Records provided:

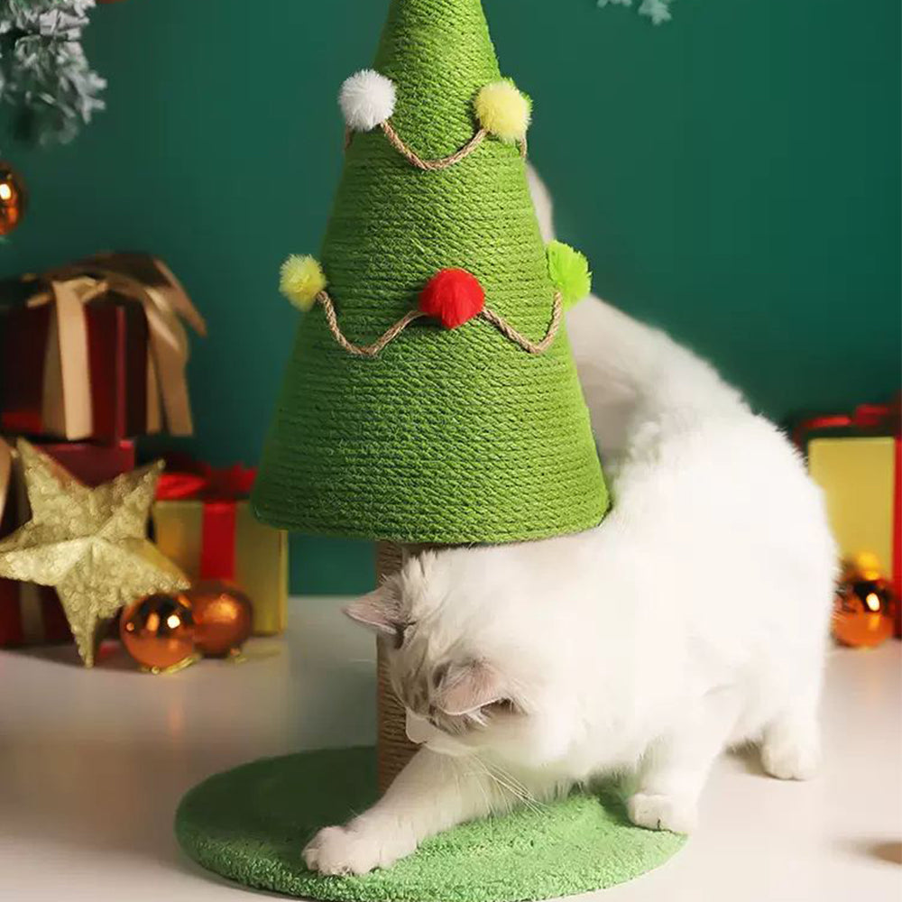 This durable and wear-resistant scratching post provides a safe outlet for your cat's natural scratching instincts, keeping your furniture scratch-free. Not just a cat scratcher, it also doubles as a festive Christmas decoration. Constructed with sisal material, it's the ideal gift for your furry friend this season.
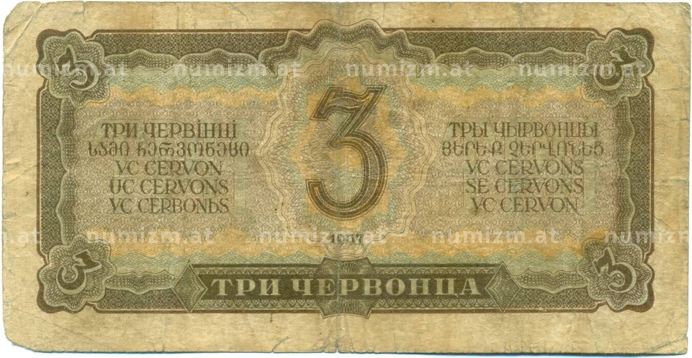 • Банкнота 3 червонца 1937 года (Артикул: T11-37827) — Фото №1 Банкнота 3 червонца 1937 года (Артикул: T11-37827) — Фото №2
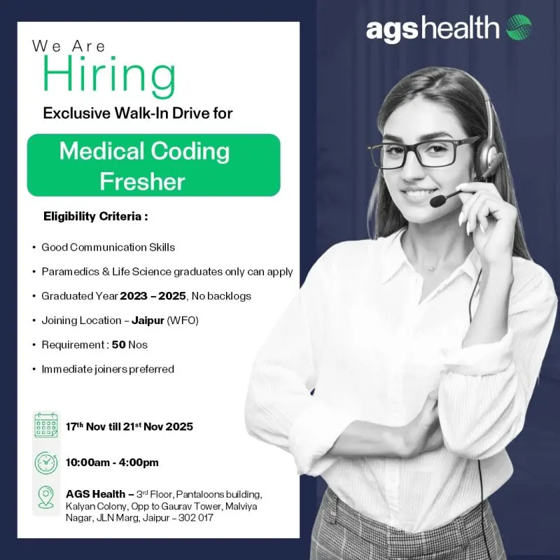AGS Health hiring 50 Medical Coding Freshers in Jaipur. Life Science & Paramedical graduates (2023–2025). Walk-in 17–21 Nov, 10 AM–4 PM.
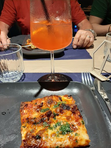 Ambiente curato nei minimi dettagli, personale cordiale e molto preparato, pizze con una ampia scelta di gusti e molto particolari ma vi faranno venire voglia di mangiarle di nuovo. Costi giusti per la qualità del cibo, e la qualità di certo non manca. Consiglio assolutamente. Oggi ci sono stato di nuovo, ho provato la formula apericena, prezzo super conveniente, un drink e pizza no stop a veramente poco, bella l'idea, pizza sempre buonissima, ma ho abbassato il servizio di una stella perché, primo la lentezza nel far uscire le pizze e seconda, la più importante, che persone che conoscono il proprietario, fanno come vogliono, mi spiego... la pizza no sto è a buffet, cioè il pizzaiolo le sforna, le taglia e le mette su dei piatti tondi ed ognuno si può servire, ci sono dei pitti che ognuno può prendere e pinze sa cucina per mettersi la pizza nel piatto, beh chi conosce oppure è amico col proprietario va e si serve con le mani, prende la pizza dal piatto dove la prendono tutti gli altri, è molto poco igienico e la cosa assurda è che nessuno ha detto nulla e Personalmente è una coda che non mi piace che qualcuno mette le mani sulla pizza che dovrò mangiare anche io visto che ci sono i mezzi congrui...
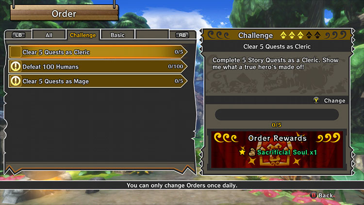 Before completing them, players can use the Change option to change up to 1 Challenge Order for another.
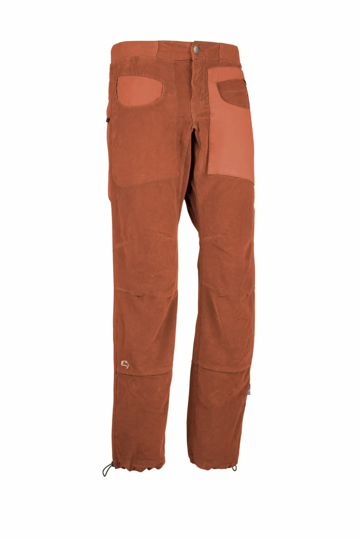 Outdoor- Und Kletterhose Aus Bio-Baumwollcord. Stickerei Auf Der Vorderseite. Verstellbarer Beinabschluss Und Taille. Bürstenhalter Auf Beiden Seiten. Maximaler Komfort Und Mobilität. Schlanke Passform. Hergestellt In Italien.
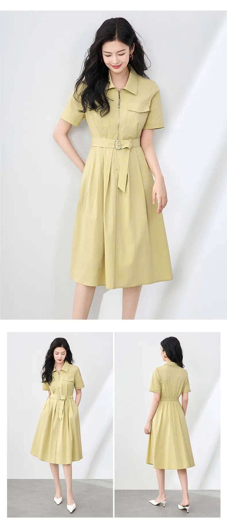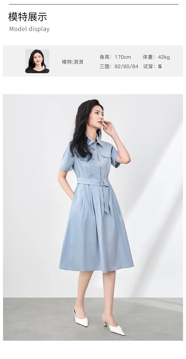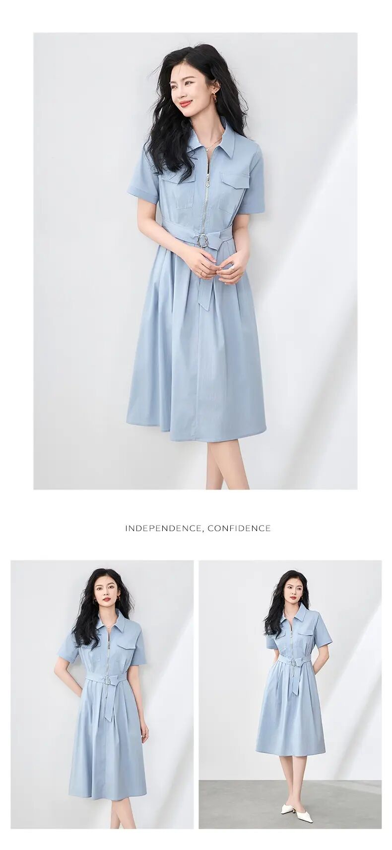 【高货wl】全新升级【铂金会员330/天猫449/差价119】(04115) 洛诗琳简约通勤休闲气质高腰半拉链衬衫裙夏季新款连衣裙
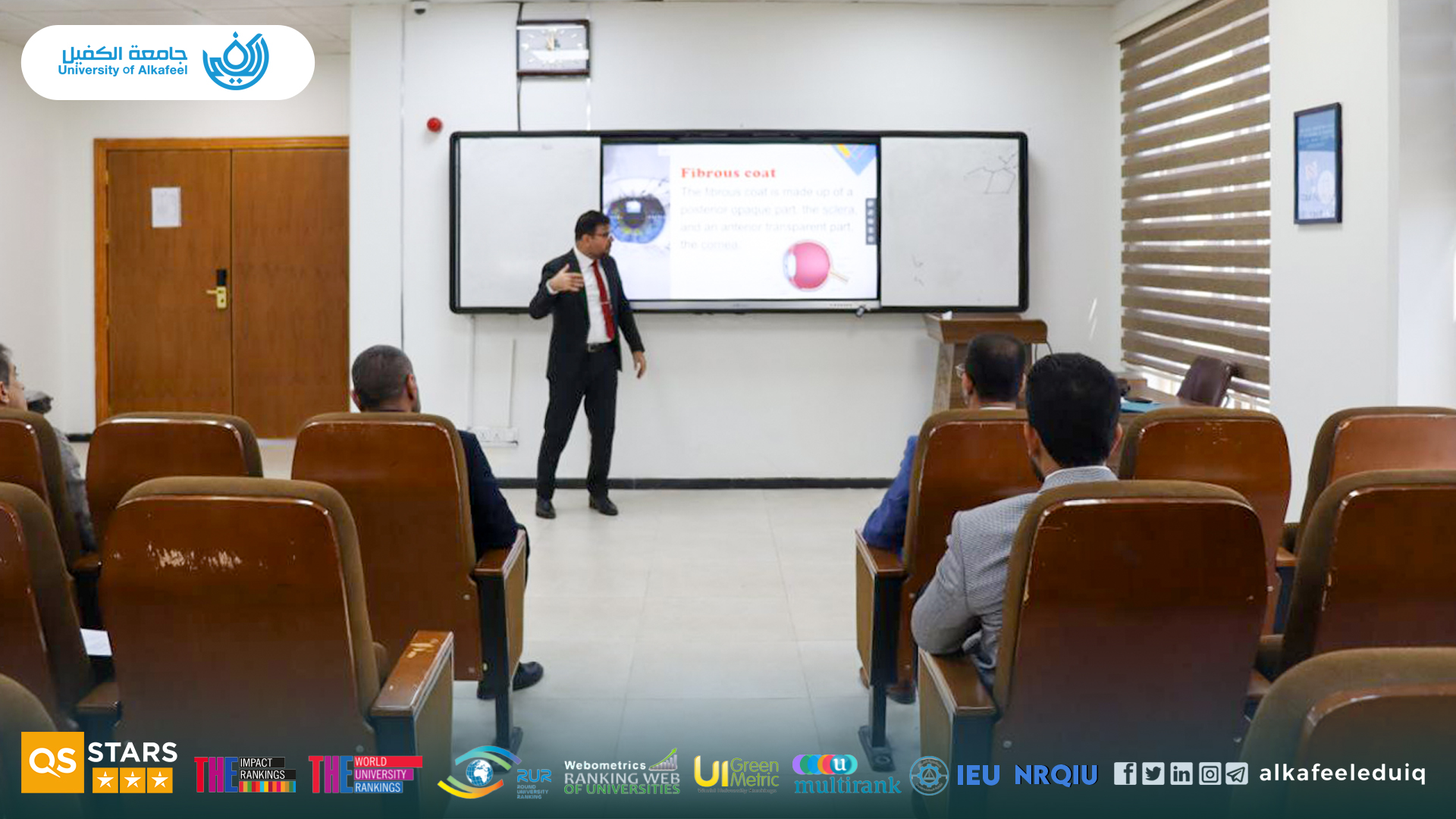 The College of Pharmacy at University of Alkafeel , Department of Pharmacology and Toxicology, organized a three-day training course : "Principles and Assessment of Visual Acuity." The course was held at the college from 3 to 5 November 2025, with the participation of several faculty members and students. The course was presented by: Asst.Prof. Dr. Saad Mashkour Waleed, Asst.Prof. Mohammed Karim Al-Husseini, and Lect. Dr. Yahya Ibrahim Yahya.
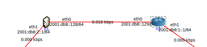 El problema particular que estoy teniendo es que cuando intento hacer un ping desde n1 a la red 2001:db8:1::/64 no tengo alcance. Adjunto las capturas de un ping desde n1 a la interfaz eth1 de n2. Para la cual se puede ver que n1 intenta hacer un neighbour discovery, n2 lo recibe a través de eth0 pero no le responde a n1. Adjunto también las tablas de rutas de ambos routers.
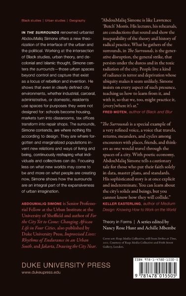 In The Surrounds renowned urbanist AbdouMaliq Simone offers a new theorization of the interface of the urban and the political. Working at the intersection of Black studies, urban theory, and decolonial and Islamic thought, Simone centers the surrounds-those urban spaces beyond control and capture that exist as a locus of rebellion and invention. He shows that even in clearly defined city environments, whether industrial, carceral, administrative, or domestic, residents use spaces for purposes they were not designed for: schools become housing, markets turn into classrooms, tax offices transform into repair shops. The surrounds, Simone contends, are where nothing fits according to design. They are where forgotten and marginalized populations invent new relations and ways of living and being, continuously reshaping what individuals and collectives can do. Focusing less on what new worlds may come to be and more on what people are creating now, Simone shows how the surrounds are an integral part of the expansiveness of urban imagination.

Directions for this task: The answer must be an exact restatement of all the records, with no pictures included.

Finished task:
 This durable and wear-resistant scratching post provides a safe outlet for your cat's natural scratching instincts, keeping your furniture scratch-free. Not just a cat scratcher, it also doubles as a festive Christmas decoration. Constructed with sisal material, it's the ideal gift for your furry friend this season.
 • Банкнота 3 червонца 1937 года (Артикул: T11-37827) — Фото №1 Банкнота 3 червонца 1937 года (Артикул: T11-37827) — Фото №2
AGS Health hiring 50 Medical Coding Freshers in Jaipur. Life Science & Paramedical graduates (2023–2025). Walk-in 17–21 Nov, 10 AM–4 PM.
 Ambiente curato nei minimi dettagli, personale cordiale e molto preparato, pizze con una ampia scelta di gusti e molto particolari ma vi faranno venire voglia di mangiarle di nuovo. Costi giusti per la qualità del cibo, e la qualità di certo non manca. Consiglio assolutamente. Oggi ci sono stato di nuovo, ho provato la formula apericena, prezzo super conveniente, un drink e pizza no stop a veramente poco, bella l'idea, pizza sempre buonissima, ma ho abbassato il servizio di una stella perché, primo la lentezza nel far uscire le pizze e seconda, la più importante, che persone che conoscono il proprietario, fanno come vogliono, mi spiego... la pizza no sto è a buffet, cioè il pizzaiolo le sforna, le taglia e le mette su dei piatti tondi ed ognuno si può servire, ci sono dei pitti che ognuno può prendere e pinze sa cucina per mettersi la pizza nel piatto, beh chi conosce oppure è amico col proprietario va e si serve con le mani, prende la pizza dal piatto dove la prendono tutti gli altri, è molto poco igienico e la cosa assurda è che nessuno ha detto nulla e Personalmente è una coda che non mi piace che qualcuno mette le mani sulla pizza che dovrò mangiare anche io visto che ci sono i mezzi congrui...
 Before completing them, players can use the Change option to change up to 1 Challenge Order for another.
 Outdoor- Und Kletterhose Aus Bio-Baumwollcord. Stickerei Auf Der Vorderseite. Verstellbarer Beinabschluss Und Taille. Bürstenhalter Auf Beiden Seiten. Maximaler Komfort Und Mobilität. Schlanke Passform. Hergestellt In Italien.
 【高货wl】全新升级【铂金会员330/天猫449/差价119】(04115) 洛诗琳简约通勤休闲气质高腰半拉链衬衫裙夏季新款连衣裙
 The College of Pharmacy at University of Alkafeel , Department of Pharmacology and Toxicology, organized a three-day training course : "Principles and Assessment of Visual Acuity." The course was held at the college from 3 to 5 November 2025, with the participation of several faculty members and students. The course was presented by: Asst.Prof. Dr. Saad Mashkour Waleed, Asst.Prof. Mohammed Karim Al-Husseini, and Lect. Dr. Yahya Ibrahim Yahya.
 El problema particular que estoy teniendo es que cuando intento hacer un ping desde n1 a la red 2001:db8:1::/64 no tengo alcance. Adjunto las capturas de un ping desde n1 a la interfaz eth1 de n2. Para la cual se puede ver que n1 intenta hacer un neighbour discovery, n2 lo recibe a través de eth0 pero no le responde a n1. Adjunto también las tablas de rutas de ambos routers.
 In The Surrounds renowned urbanist AbdouMaliq Simone offers a new theorization of the interface of the urban and the political. Working at the intersection of Black studies, urban theory, and decolonial and Islamic thought, Simone centers the surrounds-those urban spaces beyond control and capture that exist as a locus of rebellion and invention. He shows that even in clearly defined city environments, whether industrial, carceral, administrative, or domestic, residents use spaces for purposes they were not designed for: schools become housing, markets turn into classrooms, tax offices transform into repair shops. The surrounds, Simone contends, are where nothing fits according to design. They are where forgotten and marginalized populations invent new relations and ways of living and being, continuously reshaping what individuals and collectives can do. Focusing less on what new worlds may come to be and more on what people are creating now, Simone shows how the surrounds are an integral part of the expansiveness of urban imagination.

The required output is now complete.